科研 | Nature Biotechnology:小鼠肠道微生物的定向重塑抑制动脉粥样硬化的发展

编译:mallow,编辑:小菌菌、江舜尧。

原创微文,欢迎转发转载。

导读

肠道微生物组是具有延展性的微生物群落,对人类和动物的生理健康有着基本影响。肠道微生物组的调节可以促进慢性疾病的发作和发展,例如动脉粥样硬化,心血管疾病,肥胖症,糖尿病和中枢神经系统疾病。而包括饮食在内的各种因素可以通过重塑微生物组以及对宿主的直接作用在疾病中发挥重要作用。有鉴于此,美国斯斯克利普斯研究所的研究人员在《Nature biotechnology》上发表了关于肠道微生物影响人体健康的最新研究成果,发现口服可选择性修饰细菌生长的分子环状D,L-α-肽,以定向改造小鼠肠道微生物群,可降低血浆总胆固醇水平和动脉粥样硬化斑块,抑制动脉粥样硬化的发生。

论文ID

原名:Directed remodeling of the mouse gut microbiome inhibits the development of atherosclerosis

译名:小鼠肠道微生物的定向重塑抑制动脉粥样硬化的发展

期刊:Nature Biotechnology

IF:31.864

通讯作者:2020.6

通讯作者:M.Reza Ghadiri & Luke J. Leman

通讯作者单位:斯克利普斯研究所

实验设计

设计了小鼠肠道微生物组的体外筛选方案,以发现可以选择性修饰细菌生长的分子。该方法鉴定发现了环状D,L-α-肽,其将西方饮食(WD)人群的肠道微生物组重塑为低脂饮食微生物组状态。在WD喂养的LDLr-/-小鼠中每天口服给予该肽可降低血浆总胆固醇水平和动脉粥样硬化斑块。用抗生素清除微生物组则消除了这些影响。肽处理可使微生物组的转录组重编程,抑制促炎细胞因子(包括IL-6、TNF-α和IL-1β)的产生,短链脂肪酸和胆汁酸水平的重新平衡,改善肠屏障的完整性并增加肠道T调节细胞。定向化学操作为揭示肠道微生物组的化学生物学特性提供了额外的工具,并可能促进针对微生物组治疗方法的发展。

结果

1 两种状态的肠道微生物组模型

低密度脂蛋白受体无效(LDLr-/-)小鼠具有类似于人的脂蛋白谱,被广泛用作饮食诱导的动脉粥样硬化的动物模型,研究人员发现,LDLr-/-小鼠在饲喂日粮(CHD)时表现为健康,而饲喂西方饮食(WD)时表现为高脂血症和动脉粥样硬化。与饲喂CHD小鼠相比,WD饲喂LDLr-/-小鼠2周会导致其肠道微生物组重塑。因此,根据饮食的不同,LDLr-/-小鼠表现出两种不同的肠道微生物状态,这些状态与不同的表型结果相关(“WD状态”,表现为高脂血症和动脉粥样硬化表型;“CHD状态”,表现为健康表型)。
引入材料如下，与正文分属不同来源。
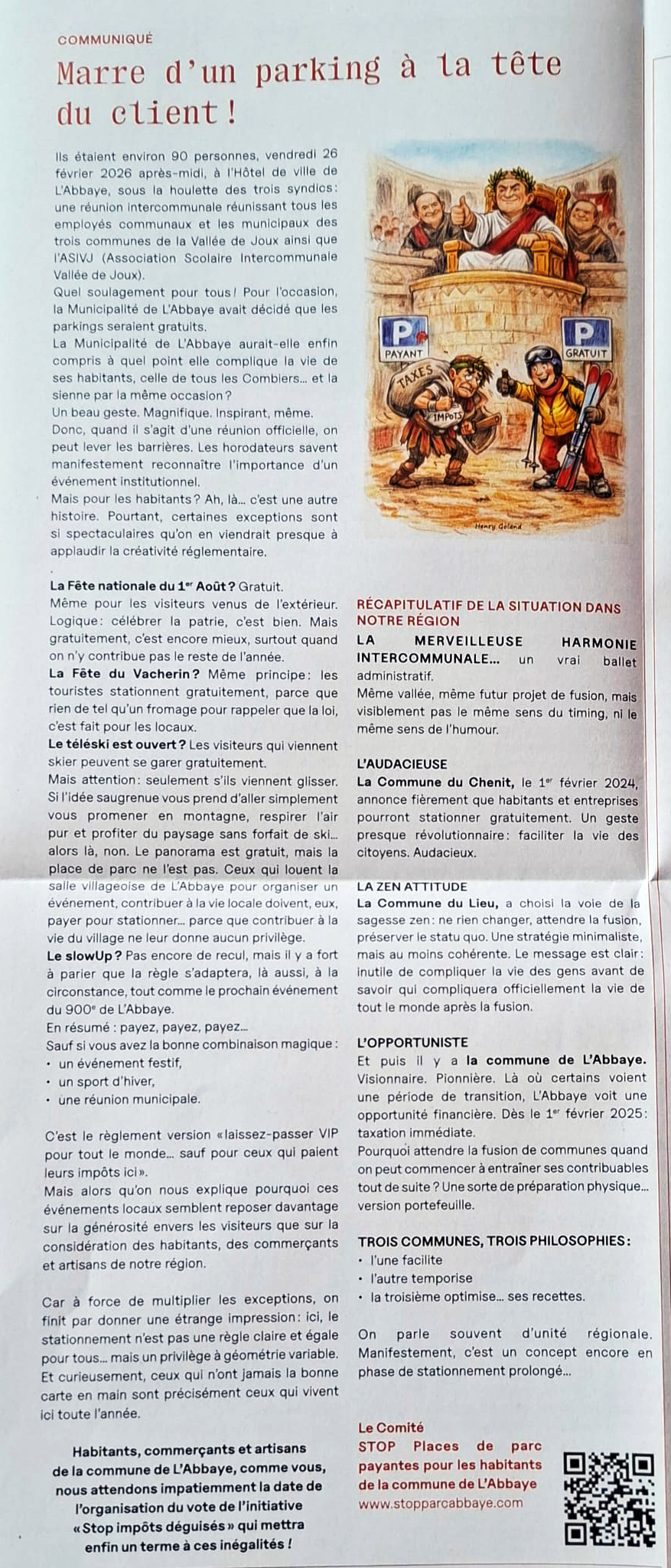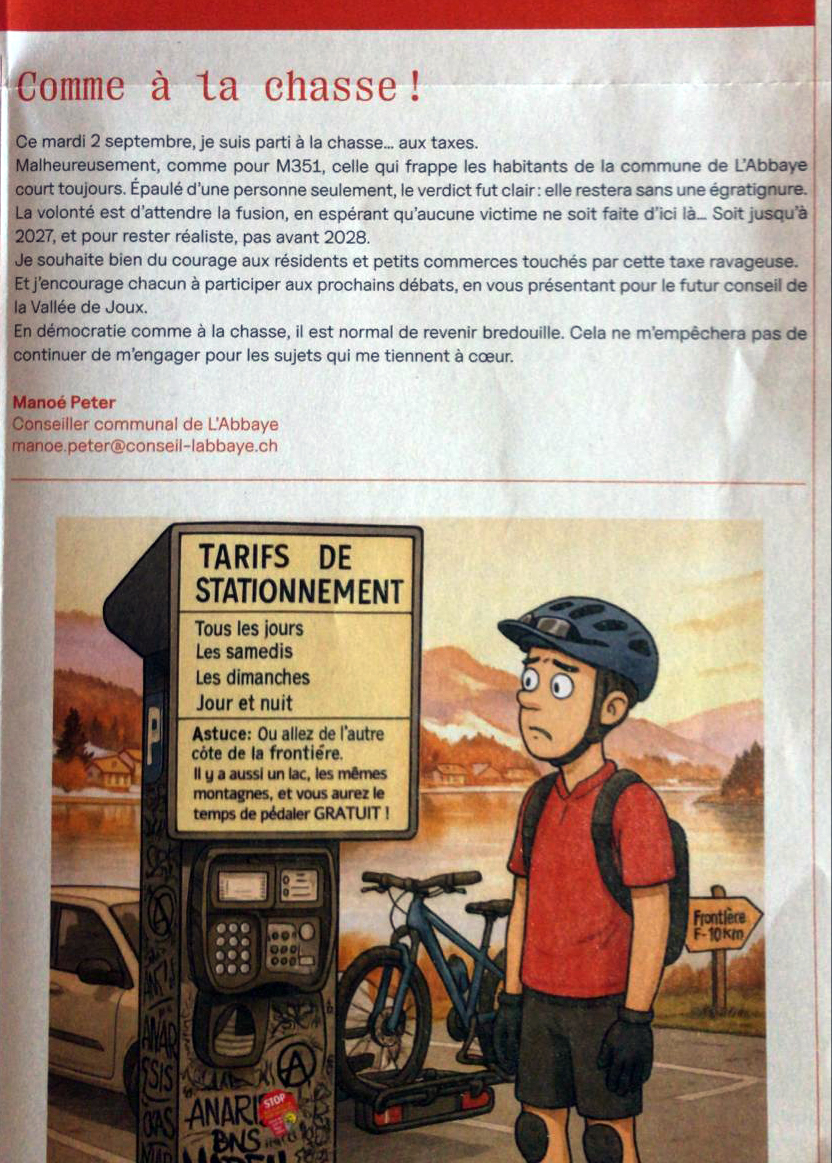 Dans le cadre d'une action citoyenne aussi pacifique qu’inoffensive, quelques autocollants « Stop places de parc payantes » ont été collés sur des poteaux et panneaux dans la commune de L’Abbaye. Mais attention : il semblerait que ces stickers représentent une menace grave pour l’ordre public. La municipalité, manifestement ébranlée par cet acte de résistance collante, a déposé une plainte contre X. Et pour bien marquer les esprits, un mandat de comparution a été délivré à notre président, qui est prié de se présenter au poste de gendarmerie du Sentier le 1er septembre.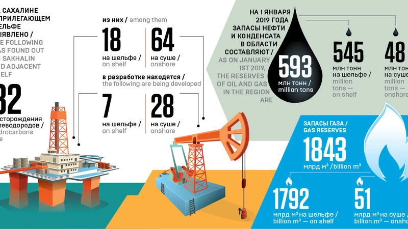 Стабильность и предсказуемость достигнута благодаря проектам «Сахалин-1» и «Сахалин-2», они обеспечивают основной объем добычи углеводородов — 89,2 процента нефти и конденсата и 85,7 процента газа.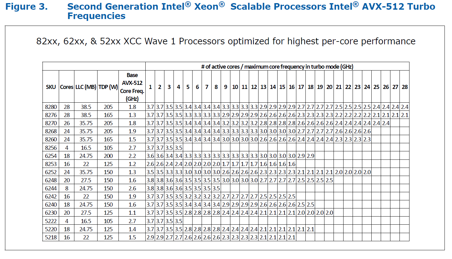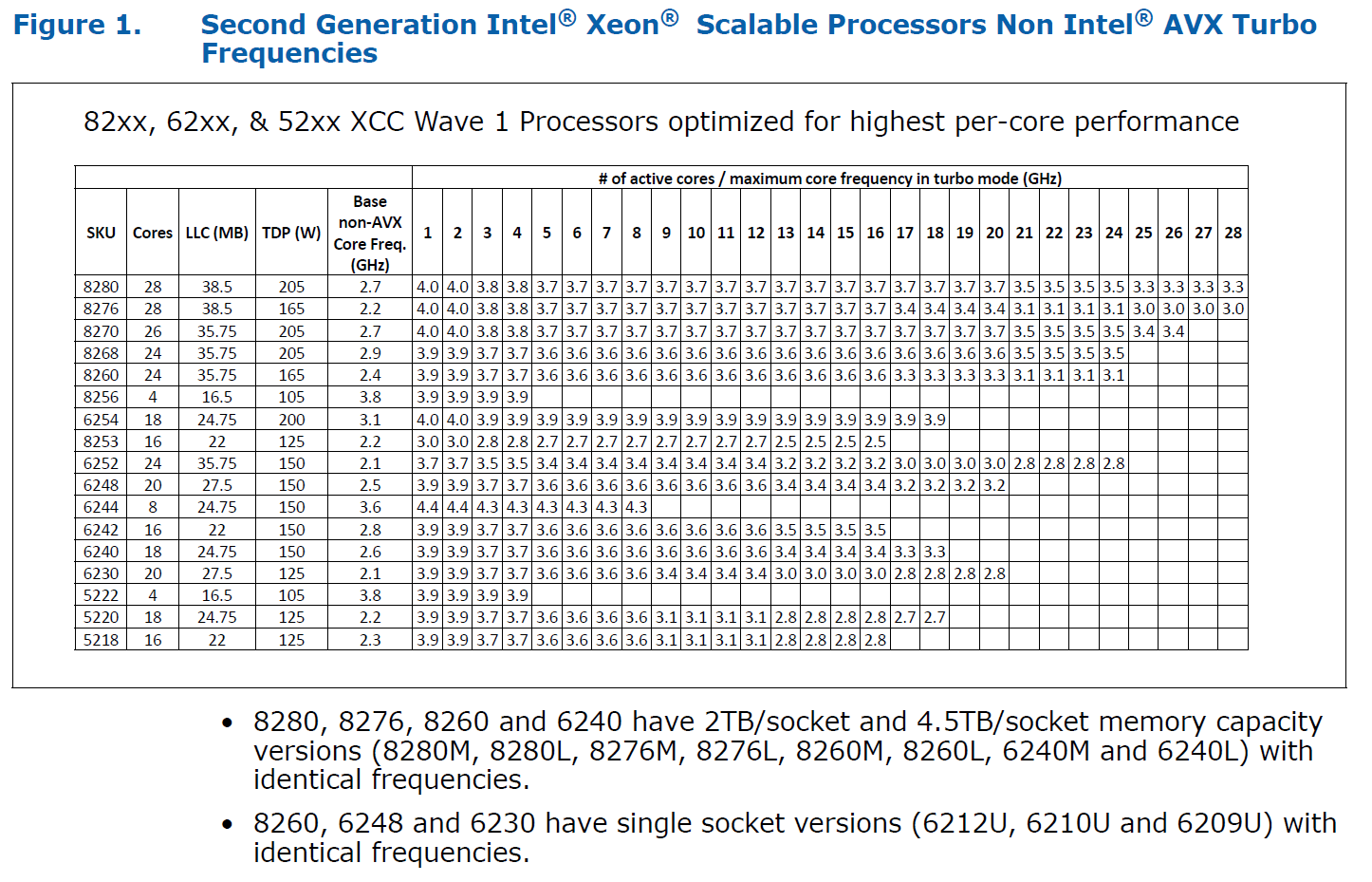 Кроме того, в Сети появился документ, рассказывающий о частотах Turbo Boost серверных Cascade Lake в зависимости от числа используемых ядер и характера нагрузки. Например, у Intel Xeon Platinum 8280 на максимальной скорости в 4 ГГц может работать только два ядра, а если задействовать все 28, то частота CPU опустится до 3,3 ГГц. Впрочем, даже это значение заметно выше его номинальной скорости, равной 2,7 ГГц.

因此,研究人员猜测,如果WD诱导的肠道微生物组是LDLr-/-小鼠的动脉粥样硬化发生发展的起因,那么将体内微生物群组成重塑为CHD状态或许可以改善疾病进展。

2 自组装环状D,L-α-肽作为合成细菌的生长调节剂

具有偶数个D-和L-α-氨基酸构型(通常为六个或八个残基)的环肽可以在有利于氢键结合的条件下(例如在脂膜环境中)自组装成扩展的β-折叠样的空心管状结构(图1a)。通过适当的选择序列,环状D,L-α-肽可以选择性地分配到细菌膜中,中断跨膜电位和/或离子梯度,损害细胞生长。作者假设口服给定的环状D,L-α-肽序列(经选择对肠道菌群的某些成员具有不同的细菌生长调节活性)可用于重塑微生物组。作者开发了一种整体筛选方法,用于评估化合物对肠道菌群的影响(图1b)。

3 整体体外筛选

作者在厌氧条件下通过手术切除盲肠,从WD条件下少2周的LDLr-/-小鼠中分离出新鲜的肠道微生物组。然后将盲肠内容物与生长培养基混合,分布在96孔板中,并在测试肽存在下孵育过夜。通过16S rRNA测序整体评估每种肽用于重塑肠道菌群的活性和选择性。作者的实验室有约1,500种不同的环状D,L-α-肽序列(纯的和光谱表征的),这些序列具有一系列抗菌活性和物种选择性。基于序列多样性和缺乏哺乳动物细胞毒性,本研究从该抗菌肽文库中选择了29种环状D,L-α-肽(图1c)。在整个筛选中观察到一系列微生物群重塑的效果,在很大程度上没有降低微生物群α多样性(群落中细菌类群的数量和均匀性)。在培养物中,有16种肽段显著提高了拟杆菌/厚壁菌的比率,3种肽段降低了比率。不同环肽活性的成对比较中发现了6个不同的肽簇,每个簇对微生物群的影响均不同于其他簇(图1d)。根据其对WD喂养的小鼠中大量生长细菌种类的抑制程度,最终选择2种多肽用于进一步的体内验证和功效研究:阳离子肽1(c[wLwKhShK])和两性离子肽11(c[wLwReQeR]),它们在各自的肽簇中位居前列(图1d)。

图1 环状D,L-α-肽体外调节肠道菌群

4 肠道微生物组的体内定向重塑

作者在LDLr-/-小鼠中对环肽1和11进行了为期10周的研究,以确定该肽对肠道菌群和动脉粥样硬化的安全性和影响。环状D,L-α-肽的非生物结构使它们具有蛋白水解稳定性,可以口服。口服10周没有发现任何不适或毒性的迹象(体重,肝脏和脾脏重量,天冬氨酸转氨酶和丙氨酸转氨酶水平)。涉及肽1和11的药代动力学和排泄研究表明,这些肽是不可吸收的,在整个肠道中大部分保持完整,并通过粪便排泄得以清除,从而支持肠道作为行动的场所。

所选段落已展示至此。